Collected data:
+++++

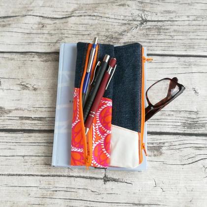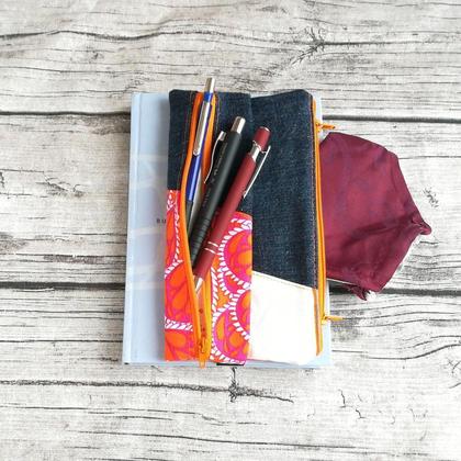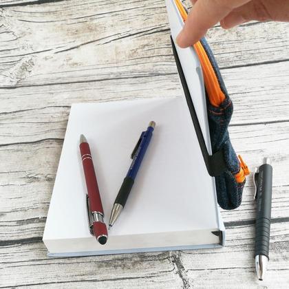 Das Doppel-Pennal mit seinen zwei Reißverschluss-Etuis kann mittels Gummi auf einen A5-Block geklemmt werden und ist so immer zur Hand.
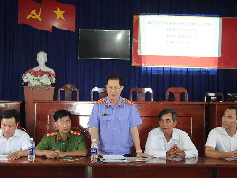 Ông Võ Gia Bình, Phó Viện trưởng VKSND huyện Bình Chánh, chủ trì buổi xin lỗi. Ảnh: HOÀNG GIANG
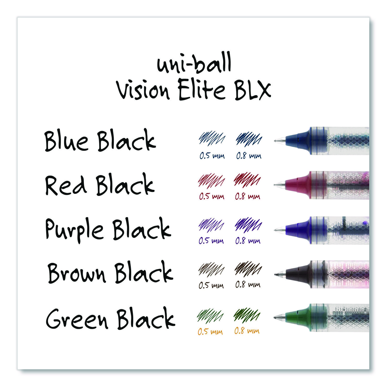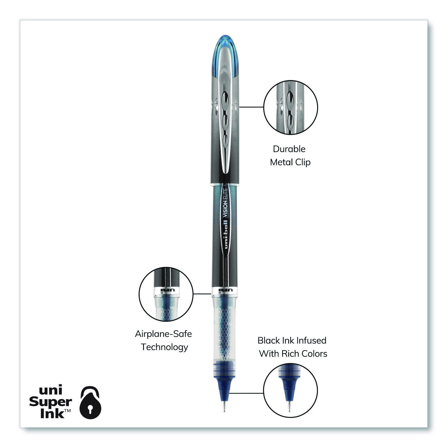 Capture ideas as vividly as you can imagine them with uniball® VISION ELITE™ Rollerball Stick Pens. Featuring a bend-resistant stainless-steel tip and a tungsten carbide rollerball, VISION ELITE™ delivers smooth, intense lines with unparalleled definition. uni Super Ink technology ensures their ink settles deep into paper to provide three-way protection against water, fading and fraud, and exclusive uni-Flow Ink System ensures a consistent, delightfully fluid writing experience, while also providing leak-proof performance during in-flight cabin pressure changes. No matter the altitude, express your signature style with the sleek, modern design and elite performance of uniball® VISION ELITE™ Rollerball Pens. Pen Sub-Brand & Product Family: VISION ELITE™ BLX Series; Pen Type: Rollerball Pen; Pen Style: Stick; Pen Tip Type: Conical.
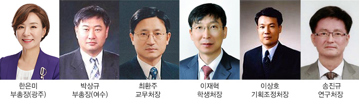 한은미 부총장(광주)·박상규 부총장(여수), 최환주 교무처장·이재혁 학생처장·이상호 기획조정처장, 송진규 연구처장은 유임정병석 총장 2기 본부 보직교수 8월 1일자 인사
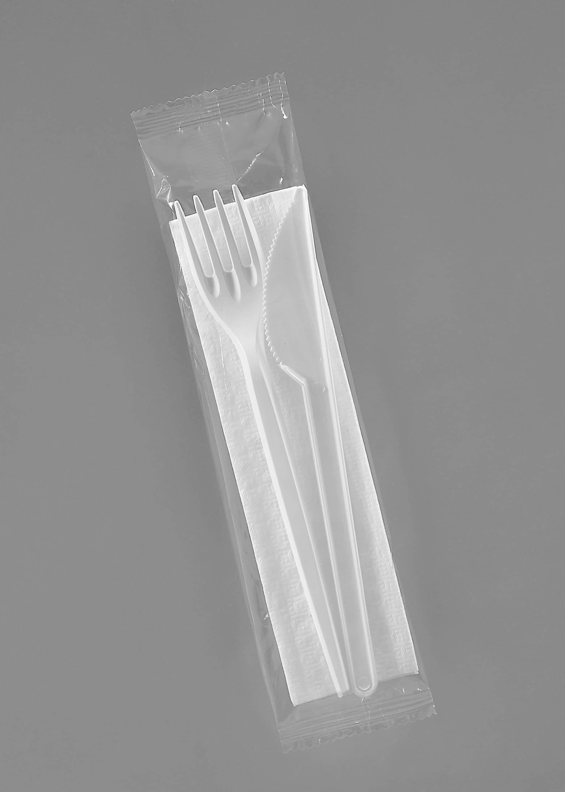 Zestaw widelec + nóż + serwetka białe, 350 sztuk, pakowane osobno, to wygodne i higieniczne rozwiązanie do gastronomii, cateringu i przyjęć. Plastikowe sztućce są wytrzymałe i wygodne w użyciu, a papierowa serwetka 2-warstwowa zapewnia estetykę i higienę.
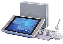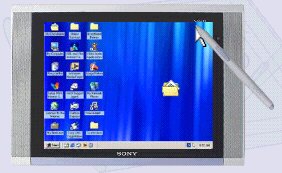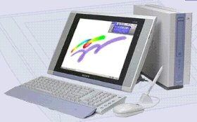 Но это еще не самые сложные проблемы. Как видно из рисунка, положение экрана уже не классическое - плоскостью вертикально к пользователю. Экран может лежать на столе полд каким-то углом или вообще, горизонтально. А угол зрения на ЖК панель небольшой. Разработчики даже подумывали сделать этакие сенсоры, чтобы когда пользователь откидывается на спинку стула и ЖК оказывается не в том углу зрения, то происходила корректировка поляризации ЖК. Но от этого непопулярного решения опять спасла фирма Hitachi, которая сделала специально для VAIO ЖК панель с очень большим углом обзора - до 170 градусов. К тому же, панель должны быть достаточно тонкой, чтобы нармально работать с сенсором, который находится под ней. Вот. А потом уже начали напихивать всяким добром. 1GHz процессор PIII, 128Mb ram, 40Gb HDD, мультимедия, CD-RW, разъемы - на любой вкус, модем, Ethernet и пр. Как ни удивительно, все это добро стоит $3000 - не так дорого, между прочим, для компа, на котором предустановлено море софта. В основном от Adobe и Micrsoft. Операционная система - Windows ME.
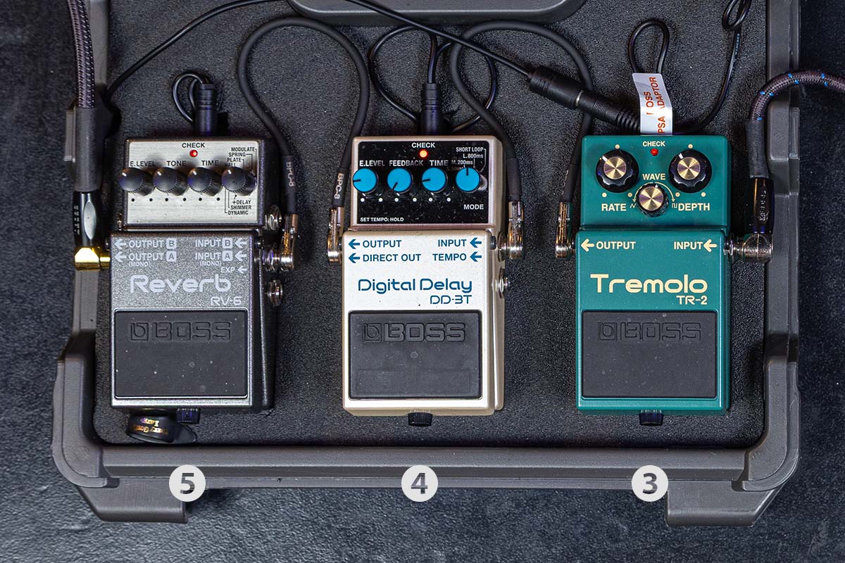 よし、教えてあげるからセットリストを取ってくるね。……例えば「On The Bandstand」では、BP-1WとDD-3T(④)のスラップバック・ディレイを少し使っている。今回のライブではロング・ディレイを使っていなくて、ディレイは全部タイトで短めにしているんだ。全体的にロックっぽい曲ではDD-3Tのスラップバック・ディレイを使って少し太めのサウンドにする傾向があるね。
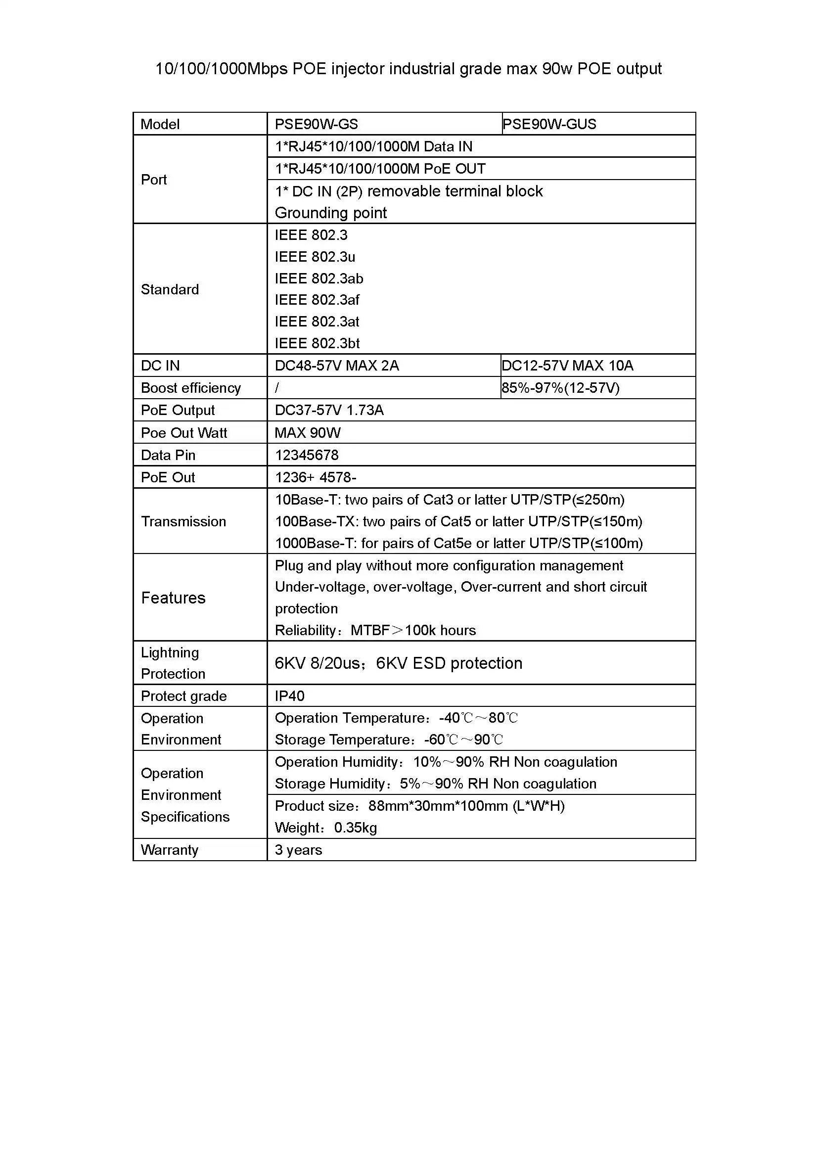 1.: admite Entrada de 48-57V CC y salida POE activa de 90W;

+++++

The task: Give the data above again in full and unchanged, skipping the pictures.

Answer box:
 Das Doppel-Pennal mit seinen zwei Reißverschluss-Etuis kann mittels Gummi auf einen A5-Block geklemmt werden und ist so immer zur Hand.
 Ông Võ Gia Bình, Phó Viện trưởng VKSND huyện Bình Chánh, chủ trì buổi xin lỗi. Ảnh: HOÀNG GIANG
 Capture ideas as vividly as you can imagine them with uniball® VISION ELITE™ Rollerball Stick Pens. Featuring a bend-resistant stainless-steel tip and a tungsten carbide rollerball, VISION ELITE™ delivers smooth, intense lines with unparalleled definition. uni Super Ink technology ensures their ink settles deep into paper to provide three-way protection against water, fading and fraud, and exclusive uni-Flow Ink System ensures a consistent, delightfully fluid writing experience, while also providing leak-proof performance during in-flight cabin pressure changes. No matter the altitude, express your signature style with the sleek, modern design and elite performance of uniball® VISION ELITE™ Rollerball Pens. Pen Sub-Brand & Product Family: VISION ELITE™ BLX Series; Pen Type: Rollerball Pen; Pen Style: Stick; Pen Tip Type: Conical.
 한은미 부총장(광주)·박상규 부총장(여수), 최환주 교무처장·이재혁 학생처장·이상호 기획조정처장, 송진규 연구처장은 유임정병석 총장 2기 본부 보직교수 8월 1일자 인사
 Zestaw widelec + nóż + serwetka białe, 350 sztuk, pakowane osobno, to wygodne i higieniczne rozwiązanie do gastronomii, cateringu i przyjęć. Plastikowe sztućce są wytrzymałe i wygodne w użyciu, a papierowa serwetka 2-warstwowa zapewnia estetykę i higienę.
 Но это еще не самые сложные проблемы. Как видно из рисунка, положение экрана уже не классическое - плоскостью вертикально к пользователю. Экран может лежать на столе полд каким-то углом или вообще, горизонтально. А угол зрения на ЖК панель небольшой. Разработчики даже подумывали сделать этакие сенсоры, чтобы когда пользователь откидывается на спинку стула и ЖК оказывается не в том углу зрения, то происходила корректировка поляризации ЖК. Но от этого непопулярного решения опять спасла фирма Hitachi, которая сделала специально для VAIO ЖК панель с очень большим углом обзора - до 170 градусов. К тому же, панель должны быть достаточно тонкой, чтобы нармально работать с сенсором, который находится под ней. Вот. А потом уже начали напихивать всяким добром. 1GHz процессор PIII, 128Mb ram, 40Gb HDD, мультимедия, CD-RW, разъемы - на любой вкус, модем, Ethernet и пр. Как ни удивительно, все это добро стоит $3000 - не так дорого, между прочим, для компа, на котором предустановлено море софта. В основном от Adobe и Micrsoft. Операционная система - Windows ME.
 よし、教えてあげるからセットリストを取ってくるね。……例えば「On The Bandstand」では、BP-1WとDD-3T(④)のスラップバック・ディレイを少し使っている。今回のライブではロング・ディレイを使っていなくて、ディレイは全部タイトで短めにしているんだ。全体的にロックっぽい曲ではDD-3Tのスラップバック・ディレイを使って少し太めのサウンドにする傾向があるね。
 1.: admite Entrada de 48-57V CC y salida POE activa de 90W;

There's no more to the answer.